I like the ingenuity of this, but doesn’t it result in the same problem? Third parties would include this step in the instructions for users to copy and paste, and the user wouldn’t know any different.
IMHO, this is no different than where we instruct snap authors to not include --classic
in their snap installation instructions, in that we ask folks to abide by this but at the end of the day we can’t really control what instructions folks put up.
Additionally, the instructions that they would need to post would then become:
$ snap set certbot plugin-accepted=ok
$ snap connect certbot:plugin some-plugin:plugin
Which actually thinking back on it, perhaps we can make it more obvious to the admins who might run into such commands by changing the name of the configuration option. Something like:
$ snap set certbot trust-plugin-with-root=ok
Unfortunately we don’t have a way to interactively block from inside the hook, save a GUI portal which wouldn’t work for users with headless setups which seems likely given the sort of application that certbot is.
This makes total sense to me.
I haven’t looked into what snap
offers us yet, but for what it’s worth, I personally like something like snap set certbot trust-plugins-with-root=ok
if its absence causes snap connect certbot:plugin ...
to fail. A user could still copy and paste the command, but one would hope trust-plugins-with-root=ok
would make people think twice about doing so.
Just to make sure we’re all on the same page, based on @jdstrand’s message, I’m planning for us to implement something like this and go forward with this plan. If there are any concerns about this, please raise them now because I’d hate for us to start migrating our users over and find out that the snap store team isn’t OK with Certbot doing this.
As a member of the reviewers team, IMO this is in alignment with @niemeyer’s points. @pedronis, as architect, can you comment one way or the other if you feel differently?

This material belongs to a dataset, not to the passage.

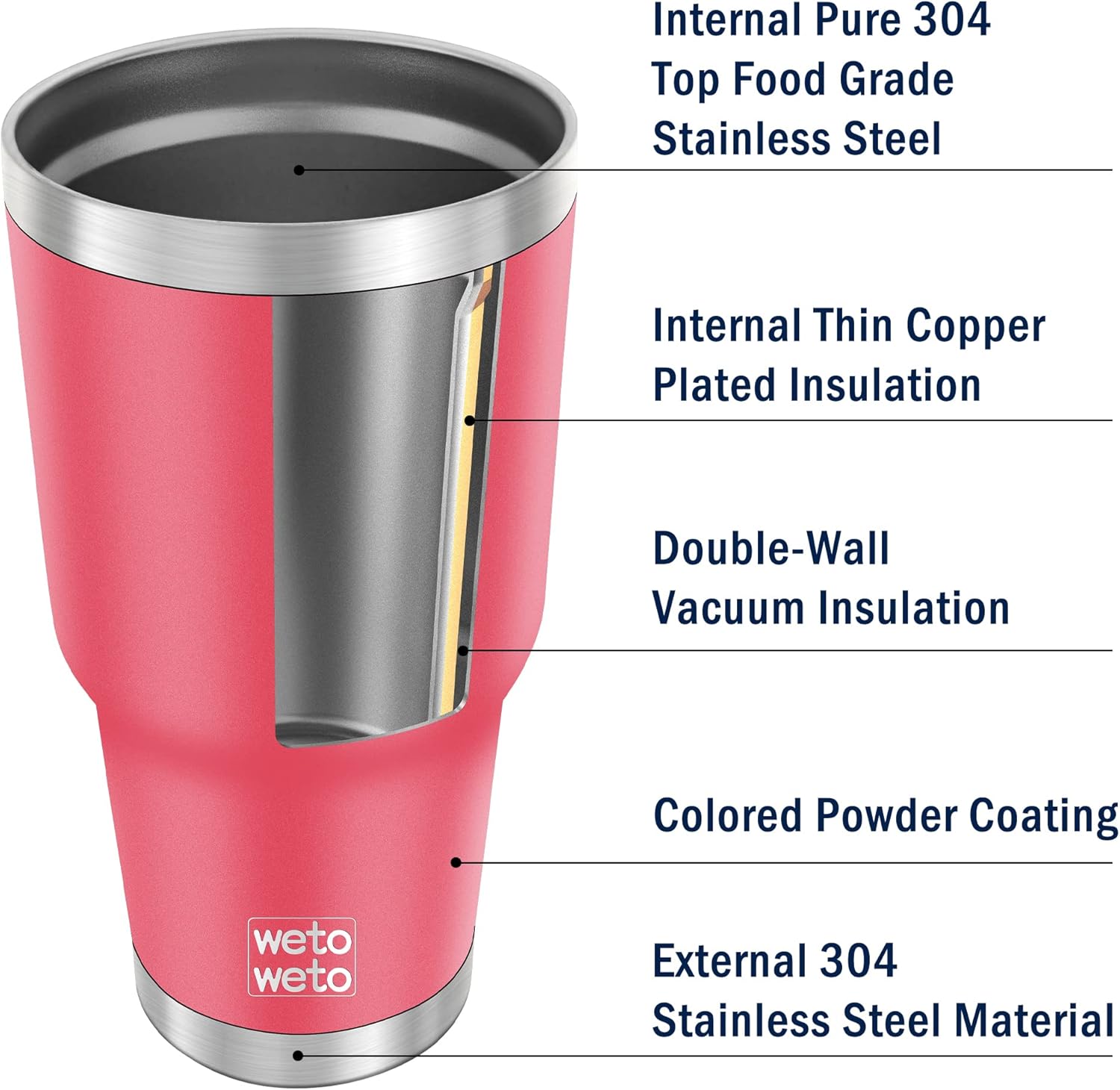 WETOWETO 30 oz Tumbler Stainless Steel Vacuum Insulated Coffee Ice Cup Double Wall Vacuum Coffee Tumbler for Hot and Cold drinks, Suitable for Beach, Travel, Party(Watermelon Red, 1 Pack)

@jdstrand this is fine in the terms of respecting the spirit but in general is problematic to be up to the snap to enforce this kind of policy. The snap can change after the fact.
Not a blocker for this case here in particular, and we don’t have many classic snaps with slots or plugs ATM and we haven’t fully worked out the semantics in the classic case for those.
But in principle, perhaps if an interface could potentially let a confined snap escape that confinement by a connection to a classic snap, maybe snapd itself should warn when connecting ? similarly to snap install
vs snap install --classic
?
Would we do this for any interface? A clear subset? The problem here is that if the set is not well defined automation/use of this via the API might get fragile. Also --classic
wouldn’t be quite the right flag to connect
for these cross-confinement connections.
I agree in principle snapd should be issuing this warning. I think we need the semantics in place first before we can consider UX. Snapd is in the right place to issue the warning, but it doesn’t really know the context of the connection and the actual consequences of it, so the messaging/arg string would have to be just right. Not saying this is the string, but something like --connection-allows-classic
conveys that the connected snap may run with classic permissions so perhaps something along those lines makes sense.
@bmw - ok, feel free to proceed with your implementation. At some point we’ll have something that is better integrated that you can move to (see previous comments).
Sounds great. Thanks @jdstrand.
@jdstrand the snapctl method agreed in this thread no longer works since this upstream regression. It doesn’t look like it’s going to be fixed any time soon, and in the meantime this requirement is causing the certbot plugin mechanism to be broken on Debian stretch.
Could we remove this requirement, please, or have some alternative, if/until upstream fixes the issue?